En l'espèce, la mention manuscrite rédigée par M. [F] [I] stipule : "En me portant caution de Aquadome dans la limite de la somme de 92.950 euros (quatre vingt douze mille neuf cent cinquante euros) couvrant le paiement du principal, des intérêts et, le cas échéant, des pénalités ou intérêts de retard et pour la durée de 117 mois, je m'engage à rembourser au prêteur les sommes dues sur mes revenus et mes biens, si Aquadome n'y satisfait (satisfont) pas lui (elle) (eux) mêmes.
En renonçant au bénéfice de discussion défini à l'article 2298 du code civil et en m'obligeant solidairement avec Aquadome, je m'engage à rembourser le créancier sans pouvoir exiger qu'il poursuive préalablement aquadome."
M. [F] [I] reproche à la mention de ne pas être claire et compréhensible, dès lors que sont insérés entre parenthèse des pronoms.
Cependant, la rédaction de la mention manuscrite ne présente pas un caractère désordonné et confus rendant nécessaire son interprétation. L'emprunteur principal y est clairement identifié à quatre reprises, sans qu'il soit nécessaire de se référer à des éléments extérieurs à la mention.
Les pronoms et le verbe ajoutés sont matérialisés entre des parenthèses et il est tout à fait compréhensible que ces mots de la phrase sont destinés à être utilisés le cas échéant, en cas de pluralité de débiteurs, ce qui n'est pas le cas en l'espèce. Ces ajouts ne rendent pas la compréhension du texte difficile, ils ne sont pas de nature à modifier la portée ou le sens de la mention manuscrite, ni l'engagement de la caution.
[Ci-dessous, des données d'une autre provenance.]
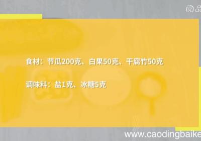 发布时间: 14小时前步骤1准备食材:节瓜200克,白果50克,干腐竹50克、盐1克,冰糖5克 。步骤2节瓜去皮,切条 。步骤3干腐竹掰小块,白果洗净 。步骤4锅中加700毫升清水、白果煮10分钟,放腐竹、冰糖,煮10分钟步骤5加入节瓜、盐,煮5分钟即可 。【腐...
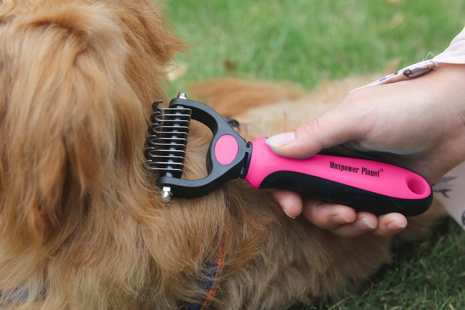 Maxpower Planet Pet Grooming Brush - Double Sided Undercoat Rake for Dogs & Cats, Extra Wide Brush to Reduce Shedding by 95% (Pink, S)

In fine, M. [F] [I] a nécessairement compris le sens et la portée de son engagement en rédigeant manuscritement cette clause.
En conséquence, le jugement déféré sera confirmé en ce qu'il a débouté M. [F] [I] de sa demande tendant à ce que le cautionnement souscrit par lui soit annulé.
§2 Sur l'inopposabilité du cautionnement
En application de l'article 1240 du code civil, tout fait quelconque de l'homme, qui cause à autrui un dommage, oblige celui par la faute duquel il est arrivé à le réparer.
"Le tiers à un contrat peut invoquer, sur le fondement de la responsabilité délictuelle, un manquement contractuel dès lors que ce manquement lui a causé un dommage." (Cour de cassation, Ass. plén., 13 janvier 2020, n° 17-19.963).
Selon l'arrêt de la Cour de Cassation (1ère Civ., 24 mai 2017, n°16-14.371) cité par M. [F] [I], la contestation de la caution portait uniquement sur le montant de son engagement, lequel excédait la limite de 50 % de l'encours du crédit fixée par les conditions de la garantie de la société Oséo. Il a été retenu que la cour d'appel a justement retenu que cette contestation n'était pas de nature à justifier la nullité de l'acte par application de l'article L341-2 du code de la consommation, dans sa rédaction antérieure à celle issue de l'ordonnance n° 2016-301 du 14 mars 2016. Par contre, l'arrêt a été cassé, au visa de l'article 1382, devenu 1240 du code civil, au motif que si, pour rejeter la demande de la caution en inopposabilité de son engagement fondée sur le non-respect des conditions de la garantie de la société Oséo et la condamner en paiement, l'arrêt retient que cette garantie ne bénéficie qu'à l'emprunteur et ne peut en aucun cas être invoquée par les tiers, notamment le bénéficiaire et ses garants, pour contester tout ou partie de leur dette, et que la seule sanction attachée au non-respect par la banque des conditions de la mise en 'uvre de ladite garantie ne consiste pour elle qu'en une perte du bénéfice de celle-ci, qu'en statuant ainsi, alors que le tiers à un contrat peut invoquer, sur le fondement de la responsabilité délictuelle, un manquement contractuel, dès lors que ce manquement lui a causé un dommage, la cour d'appel a violé le texte susvisé.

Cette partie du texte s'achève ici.